When is Refinancing Not Advisable?

 

Questions To Ask When Refinancing

Many house-owners seem to believe that refinancing always present benefits to them. However, this is a misconception and refinancing at a time when it is not advisable can be a major financial blunder that a house-owner commits.

 

Two examples of refinancing being a mistake are given next. One of these is when the house-owner does not live in the refinanced property for enough time to recover the refinancing costs, and the other is when the house-owner sees a drop in his credit rating after the original mortgage. Another example for such cases include the rate of interest does not reduce enough to cover the closing costs of the refinanced loan.

 

Recovering closing costs

When determining if refinancing the loan is a worthwhile option, the house-owner should first establish the time that the house-owner would have to spend in the property to recover the closing costs.
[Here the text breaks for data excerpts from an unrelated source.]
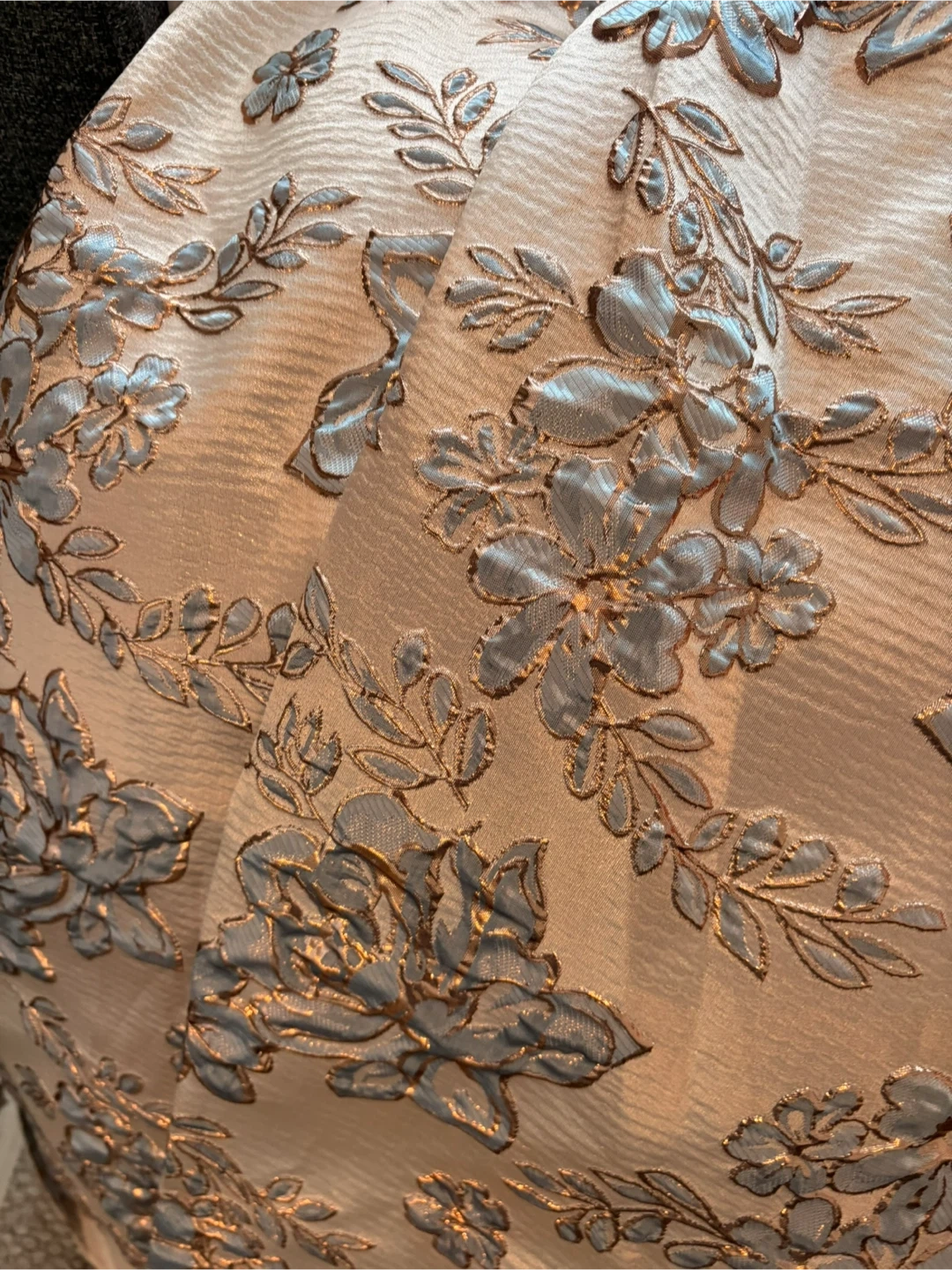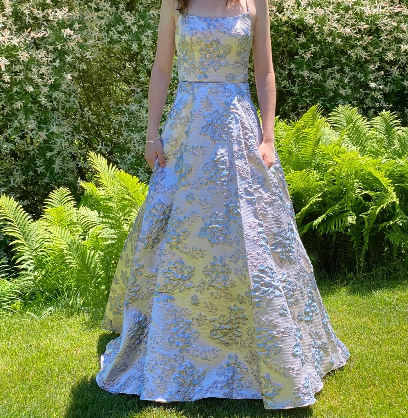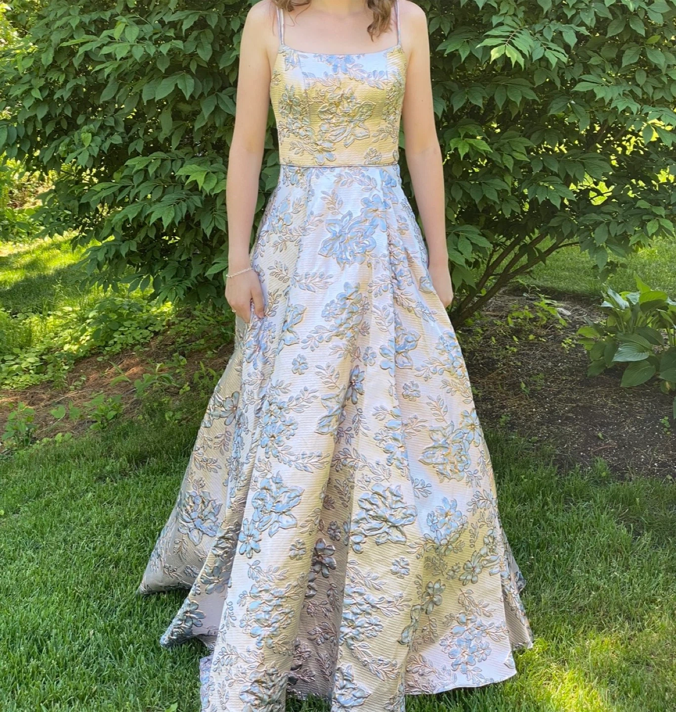 Worn once for photos only. Elegant floor-length formal gown featuring a beautiful brocade floral pattern. It's designed with a flattering silhouette and thin spaghetti straps. Perfect for special occasions like proms or weddings!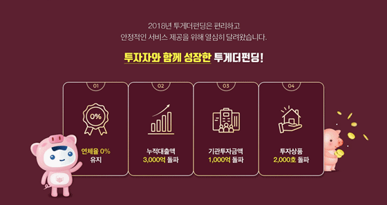 아울러 투게더펀딩은 올해 투자상품 2000호 돌파, 기관투자 1000억원 돌파 등의 기록을 세웠으며 토스·핀크 등 타 금융플랫폼과 연계 서비스, 업계 최초 지점 설립, 광주은행 핀테크 대상 수상 등 결실을 맺었다.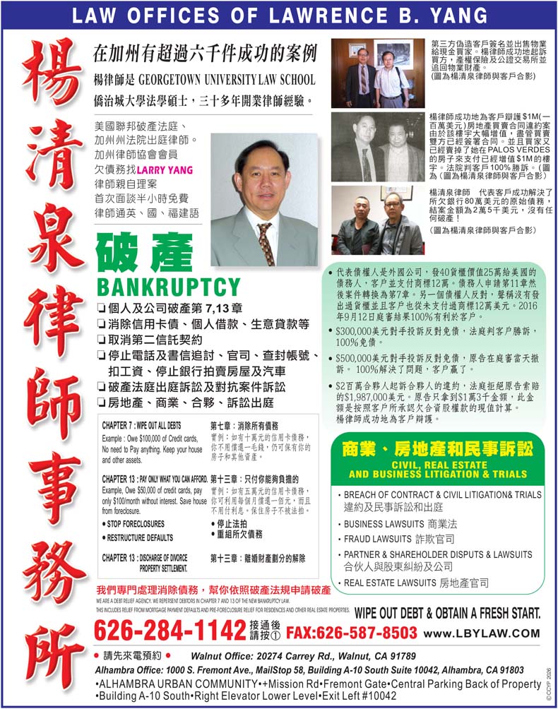 杨清泉律师事务所,成功案例分享:1.成功案例:第三方伪造客户签名并出售物业给现金买家。杨律师成功地起诉买方、产权保险及公证交易所并追回物业财产。2.成功案例:杨律师成功地为客户辩护$1M(一百万美元)...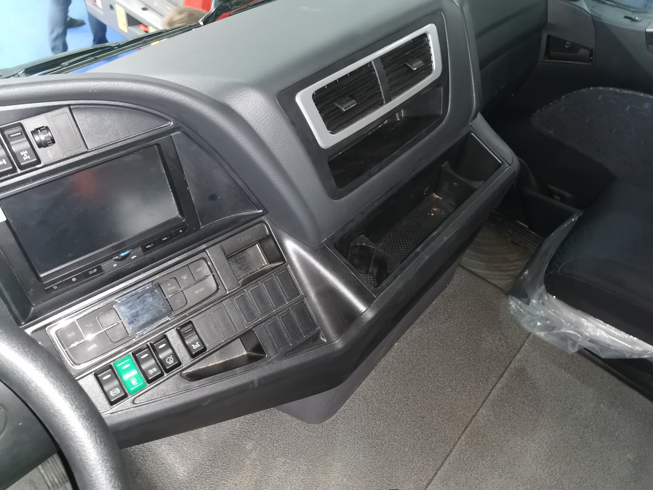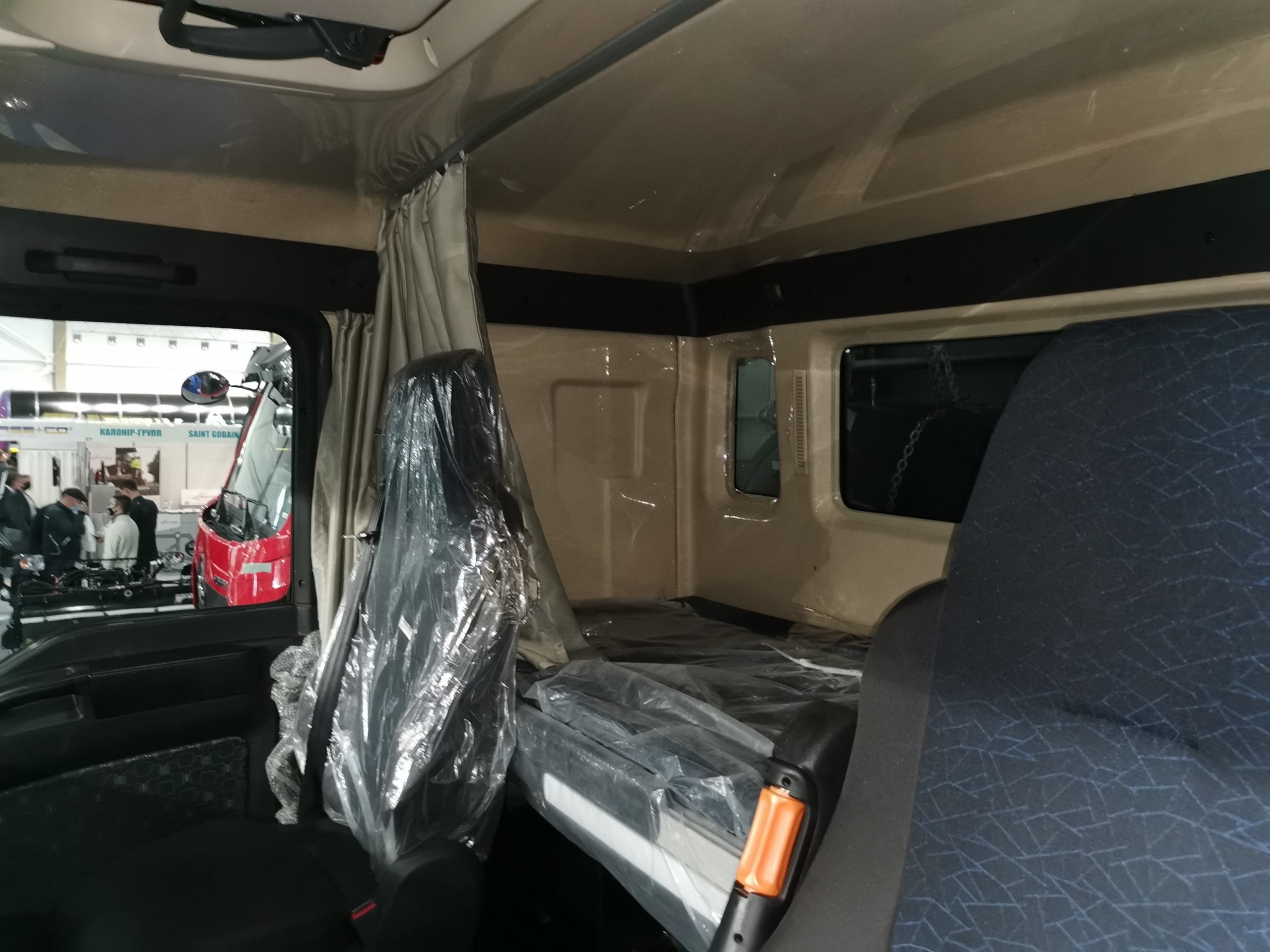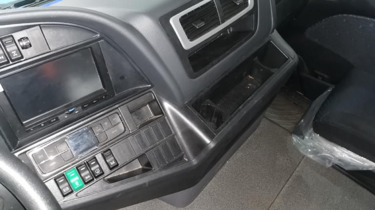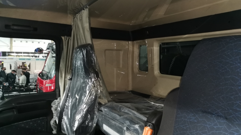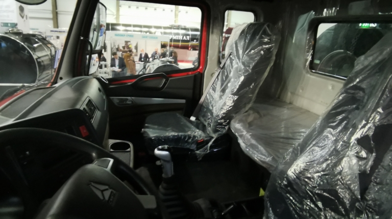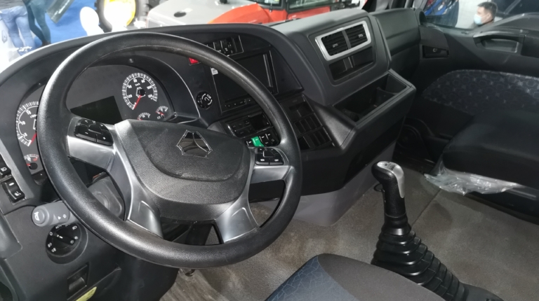 Что касается кабины, то она оснащена комфортабельными креслами (водительское – на пневмоподвеске) и имеет одно спальное место. В комплектацию входят электростеклоподъемники, кондиционер BEHR, магнитола MP3 и верхняя вещевая полка.

This is a significant consideration especially in cases where the house-owner plans to sell off his property soon. Refinancing calculators are easily available online, which can provide house-owners with an easy option to calculate this amount of time that they need to retain their property.

 

The house-owners only need to input certain variables into the calculator – like remaining balance on current mortgage, existent rate of interest, new rate of interest – to obtain results regarding the comparison of monthly payments on the old and new mortgages, as well as information related to the period that they need to spend in the property to recover closing costs.

 

Decrease in Credit Scores

Several house-owners believe that a reduction in prevalent rates of interest signal a time for refinancing loans on the home. However, interest rates like that in conjunction with a reduction in credit ratings of the house-owner may result in unfavorable mortgage terms fro the house-owner. Thus, house-owners should carefully evaluate their current credit report in comparison to their previous report from the time of their initial mortgage before they take a decision regarding refinancing even if interest rates are on the low side.

 

Dependent upon the reduction in interest rates, house-owners may be able to derive benefits from the refinancing even with their low credit rating, but it is an unlikely scenario. House-owners should take full advantage of free quotes for refinancing to understand how they stand to gain from refinancing.

 

Is the Decrease in Interest Rates Significant Enough?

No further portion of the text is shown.